A state lawmaker has asked University System of Georgia leaders to gather information about courses, curriculum, jobs and research that focus on topics such as anti-racism and social justice that he worries interfere with academic freedom and put the schools at legal risk.
Rep. David Knight, R-Griffin, recently sent an 11-page letter to system leaders asking for areas where university administration spending has greatly increased in the last five years. He also wants details on “efforts represented as increasing institutional diversity, equity, inclusion, advocacy and activism.”
“While the latter may be facially laudable goals, we have been informed these efforts in practice often result in inappropriate and/or misuse of state resources … potentially exposing the System to a range of negative consequences, including significant legal liability,” he wrote.
Republican state lawmakers have filed several bills during the ongoing legislative session threatening to pull funding from curriculum they believe is discriminatory against whites, such as critical race theory, which is used by some colleges nationwide to examine the effect of racism on society.
Critics of those bills say the lawmakers don’t fully understand critical race theory and are manipulating the issue for political gain.
Knight asked for positions and programs advocating for anti-racism and social justice. He also asked for information about any studies of bestselling authors such as Ibram X. Kendi and Emory University history professor Carol Anderson, who have written extensively about race relations.
Georgia and other states have seen efforts in recent months, led largely by conservative grassroots groups and lawmakers, to ban books from libraries and schools deemed inappropriate. This has included books focused on Black history or the Holocaust.
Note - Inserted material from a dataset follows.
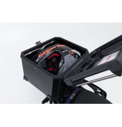 Il coperchio è completamente removibile e dispone di due limitatori di apertura. I punti di fissaggio esterni consentono di trasportare ulteriore bagaglio sopra il bauletto. Con una capacità di 38 litri, il top case può contenere un casco integrale o l’equipaggiamento necessario per un weekend o un viaggio più lungo.
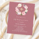 An elegant girly rose gold background, decorated with watercolored pink and white flowers in a wreath and a golden cross. Personalise and add a name and details. White text.

It is the second such request in recent weeks from Knight, chairman of the House’s Higher Education Appropriations Subcommittee. Knight last month asked system officials for an update to a report they wrote last year in response to a request from a GOP lawmaker asking if they’re teaching courses that identify white, heterosexual, Christian men as “intrinsically privileged and oppressive.” System officials said they are working on the update.